This curriculum spans the design and operationalization of capacity planning systems at the scale of multi-year infrastructure programs, integrating technical, financial, and organizational controls akin to those managed in enterprise advisory engagements and internal platform teams.
Module 1: Foundations of Scalable Capacity Models
- Define capacity thresholds based on historical utilization trends and forecasted demand spikes, incorporating seasonal variability and business cycle impacts.
- Select between make-vs-buy strategies for core infrastructure by evaluating long-term cost elasticity and control requirements.
- Map service-level agreements (SLAs) to capacity benchmarks, ensuring performance targets align with provisioning levels.
- Establish baseline metrics for compute, storage, and network throughput to serve as inputs for scaling algorithms.
- Integrate financial constraints into capacity models by aligning capital expenditure (CapEx) cycles with expansion timelines.
- Design modular capacity units that allow incremental scaling without architectural rework.
Module 2: Demand Forecasting and Workload Projection
- Implement time-series forecasting models using actual usage data, adjusting for product launches and market shifts.
- Validate forecast accuracy quarterly by comparing predicted vs. actual consumption across business units.
- Segment demand by customer tier or service class to allocate capacity with differentiated priority.
- Adjust projection models when entering new geographic markets with unproven adoption curves.
- Coordinate with sales and product teams to incorporate pipeline data into workload assumptions.
- Apply Monte Carlo simulations to assess risk exposure under multiple demand scenarios.
Module 3: Infrastructure Scaling Strategies
- Choose between vertical and horizontal scaling based on application statefulness and fault tolerance requirements.
- Implement auto-scaling policies with cooldown periods to prevent oscillation during transient load changes.
- Deploy capacity in availability zones to balance redundancy with inter-node latency constraints.
- Pre-stage cold standby resources for disaster recovery, balancing readiness cost against RTO targets.
- Negotiate reserved instance commitments with cloud providers based on stable baseline workloads.
- Enforce tagging standards for all provisioned resources to enable chargeback and utilization tracking.
Module 4: Cost Optimization and Unit Economics
- Calculate unit cost per transaction or request to identify break-even points for scaling investments.
- Compare total cost of ownership (TCO) across on-premises, colocation, and public cloud deployment models.
- Apply spot or preemptible instances for fault-tolerant batch workloads, with fallback mechanisms for interruptions.
- Right-size underutilized instances using performance telemetry, balancing risk of degradation with savings.
- Implement data tiering policies to move cold data to lower-cost storage classes automatically.
- Conduct quarterly cost reviews with finance to reconcile capacity spend against revenue growth.
Module 5: Capacity Governance and Policy Design
- Define approval workflows for capacity increases above predefined thresholds, requiring business justification.
- Set quotas per department or project to prevent uncontrolled resource consumption.
- Enforce capacity review gates before production deployment of new applications.
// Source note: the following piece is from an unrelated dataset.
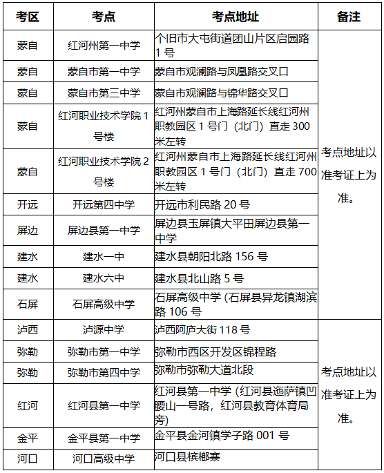 考试期间,红河州招生考试办公室将设立举报箱和举报电话,举报箱设在红河州教育体育局,地址:州行政办公中心C区5楼,举报电话:0873-3732960。各考区咨询举报电话:开远市0873-7123392、蒙自市0873—3856940、屏边县0873-3224636、建水县0873-7613224、石屏县0873-4857250、弥勒市0873-6122374、泸西县0873-6621391、红河县0873-4621222、金平县0873-5224335、河口县0873-3456522,3451413。
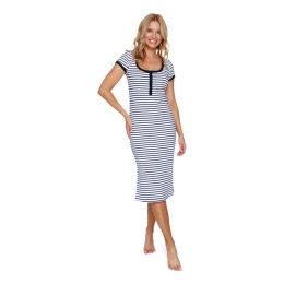 Noční košile 7242 Doctornap - bílá barva - z vysoce jakostní žebrované bavlny - s pruhy - krátké rukávy - výstřih se zapínání na patentky - kontrastní lemování - rozparky na bocích - certifikát OEKO-TEX Standard 100

- Establish audit trails for all provisioning actions to support compliance and root cause analysis.
- Design escalation paths for capacity emergencies that bypass standard change controls.
- Integrate capacity policies with identity and access management (IAM) to restrict provisioning rights.
Module 6: Performance Monitoring and Feedback Loops
- Deploy distributed monitoring agents to collect granular utilization data across hybrid environments.
- Set dynamic alerting thresholds based on baseline percentiles rather than static values.
- Correlate capacity events with application performance metrics to identify bottlenecks.
- Automate report generation for capacity utilization, highlighting underused or overcommitted resources.
- Integrate monitoring data into CI/CD pipelines to prevent deployment of inefficient code.
- Conduct post-mortems after capacity breaches to refine forecasting and response protocols.
Module 7: Cross-Functional Alignment and Change Management
- Facilitate quarterly capacity planning sessions with IT, finance, and business unit leaders.
- Translate technical capacity constraints into business impact statements for executive decision-making.
- Align infrastructure roadmaps with application modernization initiatives to avoid stranded investments.
- Manage stakeholder expectations when enforcing capacity limits that affect project timelines.
- Document capacity assumptions in business case reviews for new product development.
- Coordinate with procurement to align vendor contracts with multi-year scaling plans.
Module 8: Resilience and Contingency Capacity Planning
- Design surge capacity buffers for critical systems based on maximum observed historical peaks.
- Test failover to secondary regions with live traffic to validate capacity readiness.
- Maintain a catalog of rapid provisioning playbooks for different incident types.
- Pre-negotiate burst capacity agreements with cloud providers for emergency scaling.
- Simulate supply chain disruptions that could delay hardware delivery for on-prem expansions.
- Conduct tabletop exercises to evaluate team response to capacity-related outages.